More generally, I think that AI singularity is itself a conjunctive event, with the more extreme and earlier scenarios being less probable than the less extreme and later ones. Therefore I don’t think that taking into accounts AIs should significantly affect any estimation of cryonics success.
The core thesis of my book Singularity Rising is (basically) that this isn’t true, for the singularity at least, because there are many paths to a singularity and making progress along any one of them will help advance the others. For example, it seems highly likely that (conditional on our high tech civilization continuing) within 40 years genetic engineering will have created much smarter humans than have ever existed and these people will excel at computer programming compared to non-augmented humans.
Well, I haven’t read your book, hence I can’t exclude that you might have made some good arguments I’m not aware of, but given the publicly available arguments I know, I don’t think this is true.
Is it?
There are some neurological arguments that the human brain is near the maximum intelligence limit for a biological brain.
We are probably not going to breed people with IQ >200, perhaps we might breed people with IQ 140-160, but will there be tradeoffs that make it problematic to do it at large?

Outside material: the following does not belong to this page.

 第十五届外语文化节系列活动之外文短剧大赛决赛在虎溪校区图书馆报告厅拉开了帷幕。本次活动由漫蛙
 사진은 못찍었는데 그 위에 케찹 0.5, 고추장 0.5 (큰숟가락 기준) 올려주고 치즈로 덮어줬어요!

Will there be a demand for such humans?
Will they devote their efforts to AI research, or will their comparative advantage drive them to something else?
And how good will they be at developing super AI? As technology becomes more mature, making progress becomes more difficult because the low-hanging fruits have already have been picked, and intelligence itself might have diminishing returns (at very least, I would be surprised to observe an inverse linear correlation between average AI researcher IQ and time to AI).

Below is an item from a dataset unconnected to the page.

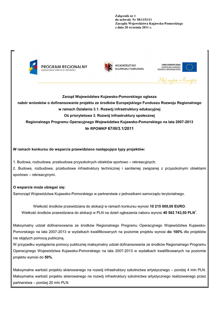 Załącznik nr 1 do uchwały Nr 58/1153/11 Zarządu Województwa Kujawsko-Pomorskiego z dnia 28 września 2011 r. Zarząd Województwa Kujawsko-Pomorskiego ogłasza nabór wniosków o dofinansowanie projektu ze środków Europejskiego Funduszu Rozwoju Regionalnego w ramach Działania 3.1. Rozwój infrastruktury edukacyjnej Oś priorytetowa 3. Rozwój infrastruktury społecznej Regionalnego Programu Operacyjnego Województwa Kujawsko-Pomorskiego na lata 2007-2013 Nr RPOWKP 67/III/3.1/2011 W ramach konkursu do wsparcia przewidziano następujące typy projektów: 1. Budowa, rozbudowa, przebudowa przyszkolnych obiektów sportowo – rekreacyjnych; 2. Budowa, rozbudowa, przebudowa infrastruktury technicznej i sanitarnej związanej z przyszkolnymi obiektami sportowo – rekreacyjnymi. O wsparcie moŜe ubiegać się: Samorząd Województwa Kujawsko-Pomorskiego w partnerstwie z jednostkami samorządu terytorialnego. Wielkość środków przewidziana do alokacji w ramach konkursu wynosi 10 215 000,00 EURO. 1 Wielkość środków przewidziana do alokacji w PLN na dzień ogłoszenia naboru wynosi 40 562 743,50 PLN . Maksymalny udział dofinansowania ze środków Regionalnego Programu Operacyjnego Województwa KujawskoPomorskiego na lata 2007-2013 w wydatkach kwalifikowanych na poziomie projektu wynosi do 100% dla projektów nie objętych pomocą publiczną. W przypadku wystąpienia pomocy publicznej maksymalny udział dofinansowania ze środków Regionalnego Programu Operacyjnego Województwa Kujawsko-Pomorskiego na lata 2007-2013 w wydatkach kwalifikowanych na poziomie projektu wynosi do 50%. Maksymalna wartość projektu skierowanego na rozwój infrastruktury szkolnictwa artystycznego – poniŜej 4 mln PLN. Maksymalna wartość projektu skierowanego na rozwój infrastruktury szkolnictwa artystycznego realizowanego przez partnerstwa – poniŜej 20 mln PLN. Załącznik nr 1 do uchwały Nr 58/1153/11 Zarządu Województwa Kujawsko-Pomorskiego z dnia 28 września 2011 r. Konkurs ma charakter otwarty bez preselekcji, o którym mowa w § 5 Trybu składania wniosków o dofinansowanie projektu w ramach Regionalnego Programu Operacyjnego Województwa Kujawsko-Pomorskiego na lata 2007-2013 dla Osi priorytetowej 3. Rozwój infrastruktury społecznej, Działania 3.1. Rozwój infrastruktury edukacyjnej. W przypadku wystąpienia pomocy publicznej wsparcie będzie udzielane w oparciu o zasady określone w rozporządzeniu Ministra Rozwoju Regionalnego z dnia 15 grudnia 2010r. w sprawie udzielania regionalnej pomocy inwestycyjnej w ramach regionalnych programów operacyjnych (Dz. U. Nr 239, poz. 1599). Nabór będzie prowadzony od dnia 9 maja 2011 r. w sposób ciągły do wyczerpania 130% alokacji środków przewidzianych w ramach konkursu lub do zamknięcia konkursu uzasadnionego odpowiednią decyzją Instytucji Zarządzającej RPO, od poniedziałku do piątku w godzinach pracy urzędu, tj. w poniedziałki, środy i czwartki od 7.30 do 15.30, we wtorki od 7.30 do 17.00, w piątki od 7.30 do 14.00. Miejscem składania wniosków o dofinansowanie projektu jest Kancelaria Ogólna w Urzędzie Marszałkowskim Województwa Kujawsko-Pomorskiego w Toruniu, ul. Marii Skłodowskiej - Curie (I piętro – pokój 112a) lub Pl. Teatralny 2 (I piętro – pokój 261). Termin rozstrzygnięcia konkursu przewiduje się na styczeń 2012 roku. Wzór wniosku o dofinansowanie projektu, wzór umowy o dofinansowanie projektu oraz Tryb składania wniosków o dofinansowanie projektu w ramach Regionalnego Programu Operacyjnego Województwa Kujawsko-Pomorskiego na lata 2007-2013 dla Osi priorytetowej 3. Rozwój infrastruktury społecznej, Działania 3.1. Rozwój infrastruktury edukacyjnej, który określa zasady i formę składania wniosków zostały zamieszczone na stronie internetowej www.mojregion.eu. Instytucja Zarządzająca RPO dokona oceny i wyboru projektów w oparciu, o kryteria zawarte w załączniku nr V do Szczegółowego opisu osi priorytetowych Regionalnego Programu Operacyjnego Województwa KujawskoPomorskiego na lata 2007–2013, który dostępny jest na stronie internetowej www.mojregion.eu. Informacja na temat projektów objętych wsparciem udostępniona będzie opinii publicznej na stronie internetowej www.mojregion.eu, jak równieŜ kaŜdy wnioskodawca zostanie pisemnie powiadomiony o wyniku rozpatrzenia jego wniosku. Wnioskodawca ma prawo do złoŜenia wniosku o ponowne rozpatrzenie wniosku, o którym mowa w § 15 ust. 1 Trybu składania wniosku o dofinansowanie projektów w ramach Regionalnego Programu Operacyjnego Województwa Kujawsko-Pomorskiego na lata 2007-2013 dla Osi priorytetowej 3. Rozwój infrastruktury społecznej, Działania 3.1. Rozwój infrastruktury edukacyjnej. Szczegółowe informacje, wzory dokumentów oraz wytyczne dotyczące naboru i oceny wniosków dostępne są na Załącznik nr 1 do uchwały Nr 58/1153/11 Zarządu Województwa Kujawsko-Pomorskiego z dnia 28 września 2011 r. stronie internetowej Urzędu Marszałkowskiego Województwa Kujawsko-Pomorskiego w Toruniu www.mojregion.eu, w Głównym Punkcie Informacyjnym – tel. (56) 62 18 341, (56) 62 18 409 oraz w Punkcie Konsultacyjnym – [email protected] tel. (56) 656 10 50, 656 11 00, a takŜe w Lokalnych Punktach Informacyjnych. Informacja o spotkaniach informacyjno-szkoleniowych dotyczących naboru i oceny wniosków o dofinansowanie projektu dostępna będzie na stronie internetowej www.mojregion.eu. Adresy Lokalnych Punktów Informacyjnych: Przedstawicielstwo Urzędu Marszałkowskiego w Bydgoszczy ul. Jagiellońska 9 85-950 Bydgoszcz tel. (52) 321 40 59 [email protected] Przedstawicielstwo Urzędu Marszałkowskiego w Grudziądzu ul. Sienkiewicza 22 86-300 Grudziądz tel. (56) 462 45 15 [email protected] Przedstawicielstwo Urzędu Marszałkowskiego we Włocławku ul. Bechiego 2 87-800 Włocławek tel. (054) 235 67 12, (054) 235 67 21 [email protected] Przedstawicielstwo Urzędu Marszałkowskiego w Inowrocławiu ul. Roosevelta 36/38 88-100

And, of course, if singularity-inducing AI is impossible/impractical, the point is moot: these genetically enhanced Einstens will not develop it.
In general, with enough imagination you can envision many highly conjunctive ad hoc scenarios and put them into a disjunction, but I find this type of thinking highly suspicious, because you could use it to justify pretty much everything you wanted to believe.
I think it’s better to recognize that we don’t have any crystal ball to predict the future, and betting on extreme scenarios is probably not going to be a good deal.